__What is needed__
Please reproduce the entries exactly as they appear below, but not the pictures.

[Source records]

=== Section Start ===

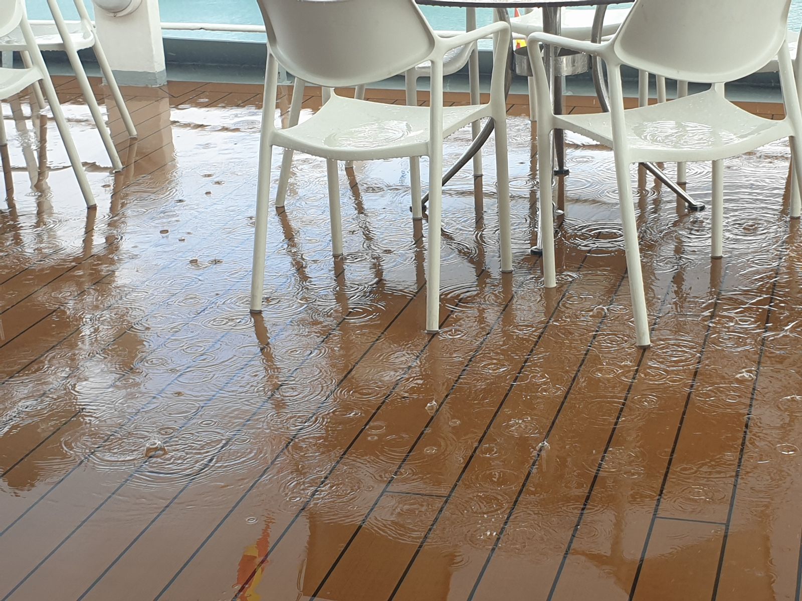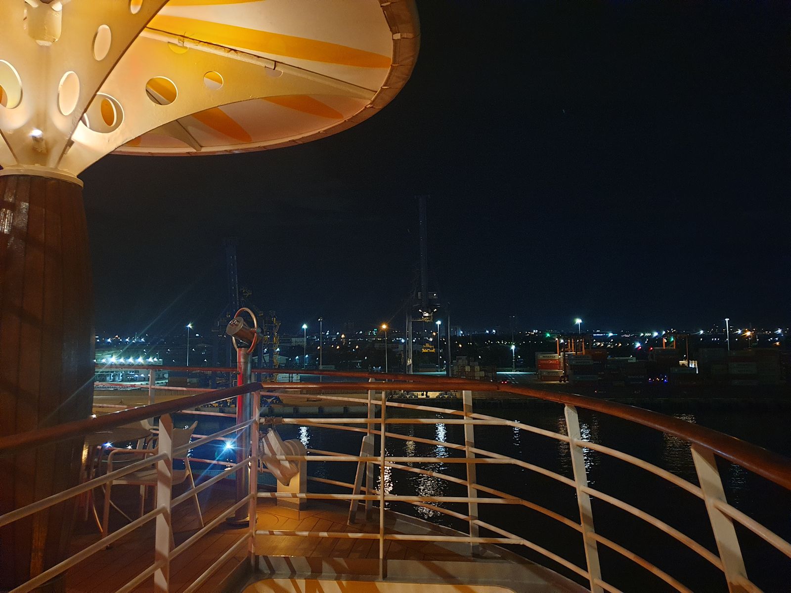 Der Wecker klingelt, rasch aufstehen, frühstücken und dann wird die Kabine geräumt. Der Koffer steht im Terminal, der Rest ist im Bordtrolli und den haben wir dabei. Safe ist auch geleert. Nochmal geschaut, ob nicht irgendwo noch was herumliegt und zack, Kabinentür zu und hoch aufs Pooldeck. Wir haben ja noch massig Zeit bis heute Abend.
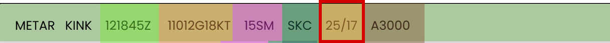 25/17 indicates the temperature and dew point in degrees Celsius, which are listed after the cloud coverage information.
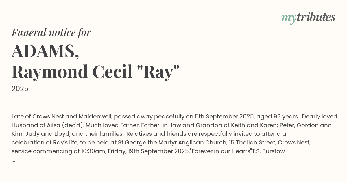 Relatives and friends are respectfully invited to attend a celebration of Ray's life, to be held at St George the Martyr Anglican Church, 15 Thallon Street, Crows Nest, service commencing at 10:30am, Friday, 19th September 2025.
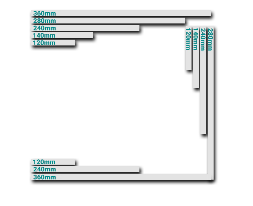 Сверху: 120/140/240/280/360 мм
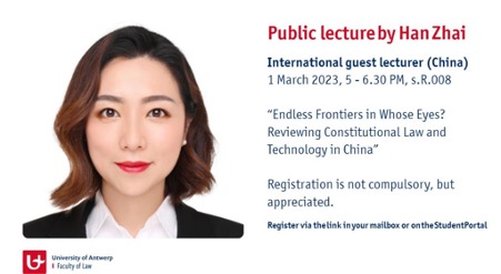 As a guest lecturer, Dr. Zhai Han participated in two master's courses and one undergraduate course at the University of Antwerp Faculty of Law on the constitutionalisation of national security in contemporary China, the legal protection of women's rights in socialism and the unitary system as a constitutional feature in China, teaching over 250 students. In addition, as a result of her appointment, Dr. Zhai Han gave a public lecture at the University of Antwerp on the development of technology in contemporary China and a review of the impact of legal scholarship on the current state of technological legislation, focusing on the legal framework underlying the governance of cyberspace in China and discussing two cases of local government data opening and personal information protection.

=== Section End ===

__Answer section__
 Der Wecker klingelt, rasch aufstehen, frühstücken und dann wird die Kabine geräumt. Der Koffer steht im Terminal, der Rest ist im Bordtrolli und den haben wir dabei. Safe ist auch geleert. Nochmal geschaut, ob nicht irgendwo noch was herumliegt und zack, Kabinentür zu und hoch aufs Pooldeck. Wir haben ja noch massig Zeit bis heute Abend.
 25/17 indicates the temperature and dew point in degrees Celsius, which are listed after the cloud coverage information.
 Relatives and friends are respectfully invited to attend a celebration of Ray's life, to be held at St George the Martyr Anglican Church, 15 Thallon Street, Crows Nest, service commencing at 10:30am, Friday, 19th September 2025.
 Сверху: 120/140/240/280/360 мм
 As a guest lecturer, Dr. Zhai Han participated in two master's courses and one undergraduate course at the University of Antwerp Faculty of Law on the constitutionalisation of national security in contemporary China, the legal protection of women's rights in socialism and the unitary system as a constitutional feature in China, teaching over 250 students. In addition, as a result of her appointment, Dr. Zhai Han gave a public lecture at the University of Antwerp on the development of technology in contemporary China and a review of the impact of legal scholarship on the current state of technological legislation, focusing on the legal framework underlying the governance of cyberspace in China and discussing two cases of local government data opening and personal information protection.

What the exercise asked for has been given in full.